BEGIN
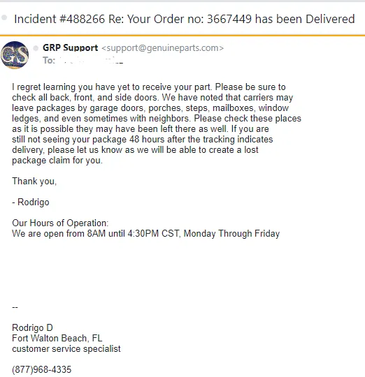 Great customer service, provided by Michael. Helpful, efficient, ensured I had the correct part. He was without a doubt the best customer service representative I have ever dealt with. Actually a delight and fun to talk with. Great job GRP with hiring him.
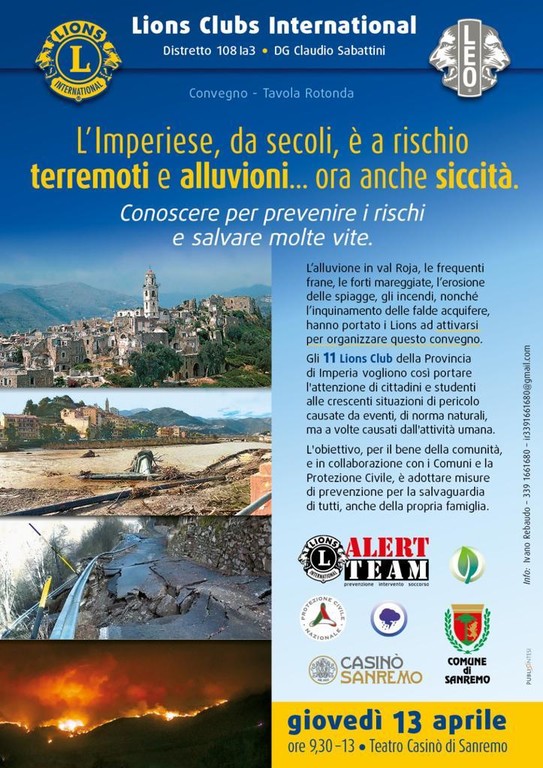 I Lions Club della Zona 4° (Imperia Host, Imperia la Torre, Nava Alpi Marittime, Diano Marina Host, Riva Santo Stefano Golfo delle Torri) e i Lions Club della Zona 4b (Arma e Taggia, Sanremo Host, Sanremo Matutia, Bordighera Capo Nero Host, Bordighera Otto Luoghi e Ventimiglia) del Distretto 108 Ia3 della Provincia di Imperia organizzano per giovedì al Teatro del Casinò di Sanremo di Sanremo, una conferenza dal titolo "La Provincia di Imperia da secoli a rischio di terremoti ed alluvioni ed oggi anche siccità. Conoscere ci aiuta a prevenire i rischi e a salvarci la vita” per portare, in collaborazione con le Autorità, a conoscenza dei cittadini, degli operatori e degli studenti alcune delle attività di prevenzione dei rischi che ognuno può adottare per il bene della propria comunità, della propria famiglia e di se stesso.
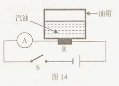 25.(楚雄) (8分)随着社会和科技的发展,小汽车已进入寻常百姓家。如图14所示是一种测量小汽车油箱内油量装置的原理图,它主要由压力传感器R(电阻值随所受压力变化而变化)、油量表A(由电阻可忽略不计的电流表改装而成)、电源等组成电路。压力传感器R在一定范围内的电阻与所受压力的关系如下表所示,油箱位于压力传感器上,压力传感器R的上表面面积为5cm2,电源电压为6v
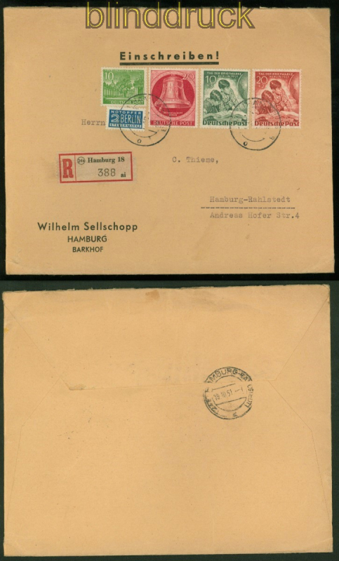 Berlin Mi # 47, 77 und 80/81 auf Orts-R-Brief Hamburg 1951 Tag der Briefmarke 1951 in Mischfrankatur portogerecht auf Orts-R-Brief Hamburg 18.10.1951 Erhaltung siehe Scan
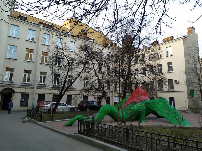 На Васильевском острове находится удивительный двор, который пользуется особой любовью как у жителей, так и у гостей Санкт-Петербурга. Между Большим проспектом, 7-й и 8-й линиями живёт необычный персонаж — большой зелёный дракон, который радует всех местных детишек.
END
## How to complete this task
Since only the text is wanted, repeat all the records above exactly and omit the pictures.

## Answer section
 Great customer service, provided by Michael. Helpful, efficient, ensured I had the correct part. He was without a doubt the best customer service representative I have ever dealt with. Actually a delight and fun to talk with. Great job GRP with hiring him.
 I Lions Club della Zona 4° (Imperia Host, Imperia la Torre, Nava Alpi Marittime, Diano Marina Host, Riva Santo Stefano Golfo delle Torri) e i Lions Club della Zona 4b (Arma e Taggia, Sanremo Host, Sanremo Matutia, Bordighera Capo Nero Host, Bordighera Otto Luoghi e Ventimiglia) del Distretto 108 Ia3 della Provincia di Imperia organizzano per giovedì al Teatro del Casinò di Sanremo di Sanremo, una conferenza dal titolo "La Provincia di Imperia da secoli a rischio di terremoti ed alluvioni ed oggi anche siccità. Conoscere ci aiuta a prevenire i rischi e a salvarci la vita” per portare, in collaborazione con le Autorità, a conoscenza dei cittadini, degli operatori e degli studenti alcune delle attività di prevenzione dei rischi che ognuno può adottare per il bene della propria comunità, della propria famiglia e di se stesso.
 25.(楚雄) (8分)随着社会和科技的发展,小汽车已进入寻常百姓家。如图14所示是一种测量小汽车油箱内油量装置的原理图,它主要由压力传感器R(电阻值随所受压力变化而变化)、油量表A(由电阻可忽略不计的电流表改装而成)、电源等组成电路。压力传感器R在一定范围内的电阻与所受压力的关系如下表所示,油箱位于压力传感器上,压力传感器R的上表面面积为5cm2,电源电压为6v
 Berlin Mi # 47, 77 und 80/81 auf Orts-R-Brief Hamburg 1951 Tag der Briefmarke 1951 in Mischfrankatur portogerecht auf Orts-R-Brief Hamburg 18.10.1951 Erhaltung siehe Scan
 На Васильевском острове находится удивительный двор, который пользуется особой любовью как у жителей, так и у гостей Санкт-Петербурга. Между Большим проспектом, 7-й и 8-й линиями живёт необычный персонаж — большой зелёный дракон, который радует всех местных детишек.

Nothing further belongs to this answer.